Leave out the pictures, and retype only the lines from the beginning of the material through the line that contains "Die Kinder durften", including both.

########

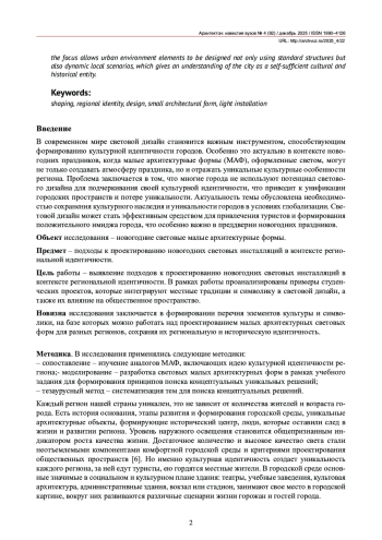 В современном мире световой дизайн становится важным инструментом, способствующим формированию культурной идентичности городов. Особенно это актуально в контексте новогодних праздников, когда малые архитектурные формы (МАФ), оформленные светом, могут не только создавать атмосферу праздника, но и отражать уникальные культурные особенности региона. Проблема заключается в том, что многие города не используют потенциал светового дизайна для подчеркивания своей культурной идентичности, что приводит к унификации городских пространств и потере уникальности. Актуальность темы обусловлена необходимостью сохранения культурного наследия и уникальности городов в условиях глобализации. Световой дизайн может стать эффективным средством для привлечения туристов и формирования положительного имиджа города, что особенно важно в преддверии новогодних праздников.
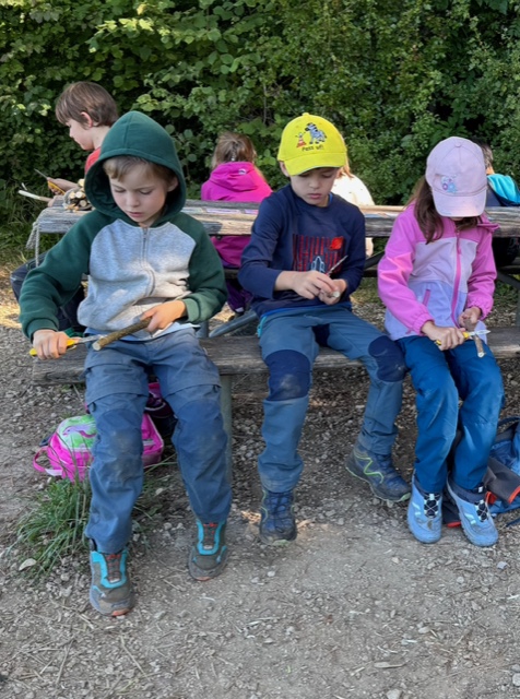 Die Kinder durften sich in Gruppen im Schnitzen üben und konnten ihre Haselstecken kunstvoll verzieren. Sie haben die wichtigsten Schnitzregeln gelernt und es war eindrücklich, wie gut die Kinder schon mit dem Sackmesser umgehen können.
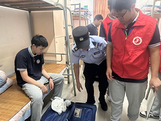 城東派出所由楊金龍警官帶隊,27名干警參與此次活動。在學(xué)生干部的協(xié)助下,由相關(guān)班主任帶隊,干警們對學(xué)生寢室進行了認真檢查,特別是對于衣柜、皮箱等容易藏匿物品的地方進行了逐個檢查。
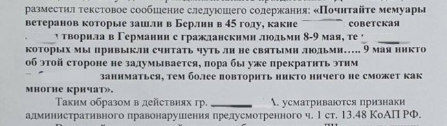 Мужчина предложил собеседникам почитать мемуары ветеранов, вошедших в Берлин в 1945 году. Скриншоты переписки попали к сотрудникам Центра «Э». Мужчину вызвали в отдел полиции на беседу.
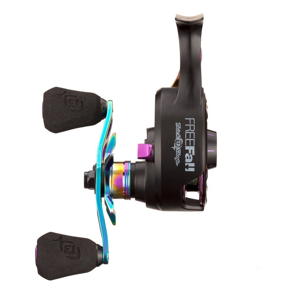 „13 Fishing’s FreeFall Carbon“ turi revoliucinę „FreeFall“ funkciją, kuri leidžia lengviau paleisti masalą, naudojant paprastą valdymą viena ranka. Revoliucinis „FreeFall“ gaidukas leidžia meškeriotojams naudoti blykstę, pasiekti tam tikrus gylius ir akimirksniu prisijungti atleidus gaiduką tikslinėje zonoje. Atbulinės eigos sistema akimirksniu vėl įsijungia, kad maksimaliai padidintų smūgio ir sujungimo santykį. Magnetinis kritimo greičio reguliavimo ratukas leidžia meškeriotojams reguliuoti laisvos ritės greitį, kad pasirinktų tobulą nusileidimą su įvairių svorių masalais. Keturių nerūdijančių rutulinių guolių sistema užtikrina sklandų veikimą, o puikus universalus pavarų santykis, skirtas žvejybai nuo seklios iki vidutinio gylio, padeda pasiekti puikių rezultatų. Svoris 186g. Valo talpa 0,16mm / 91m.
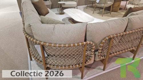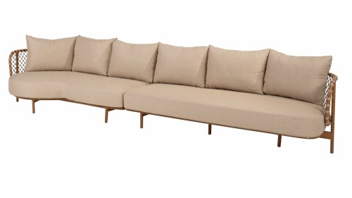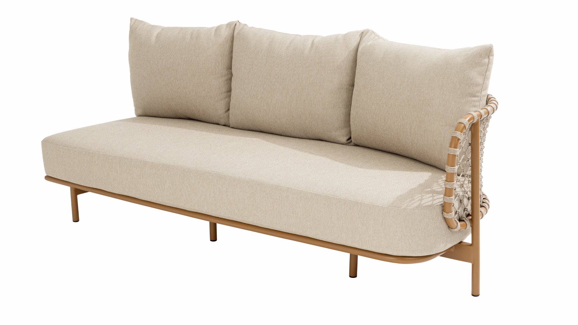 Das offen gewebte Seildesign in warmen Bernsteintönen verleiht der Martinique Lounge einen luftigen, modernen Look. Die abgerundeten Ecken der Elemente und die tiefen, weichen Kissen laden zum stilvollen Entspannen ein. Die natürliche, sandfarbene Polsterung passt perfekt zu einer ruhigen, harmonischen Outdoor-Umgebung.
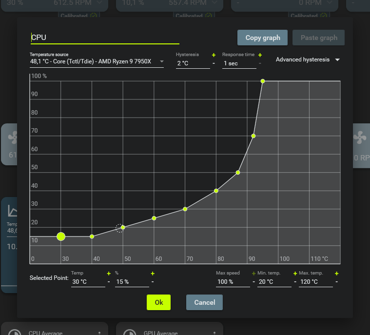 La temperatura in idle è sui 45 gradi, solo con il browser o carichi leggeri non si muove. Con cose più pesanti, compilazione in visual studio o esportazione foto non sale oltre gli 82 gradi con ventole sotto al 50%. Solo in Cinebench arriva a 95 Questa è la curva delle ventole:

########

**Answer below**:
 В современном мире световой дизайн становится важным инструментом, способствующим формированию культурной идентичности городов. Особенно это актуально в контексте новогодних праздников, когда малые архитектурные формы (МАФ), оформленные светом, могут не только создавать атмосферу праздника, но и отражать уникальные культурные особенности региона. Проблема заключается в том, что многие города не используют потенциал светового дизайна для подчеркивания своей культурной идентичности, что приводит к унификации городских пространств и потере уникальности. Актуальность темы обусловлена необходимостью сохранения культурного наследия и уникальности городов в условиях глобализации. Световой дизайн может стать эффективным средством для привлечения туристов и формирования положительного имиджа города, что особенно важно в преддверии новогодних праздников.
 Die Kinder durften sich in Gruppen im Schnitzen üben und konnten ihre Haselstecken kunstvoll verzieren. Sie haben die wichtigsten Schnitzregeln gelernt und es war eindrücklich, wie gut die Kinder schon mit dem Sackmesser umgehen können.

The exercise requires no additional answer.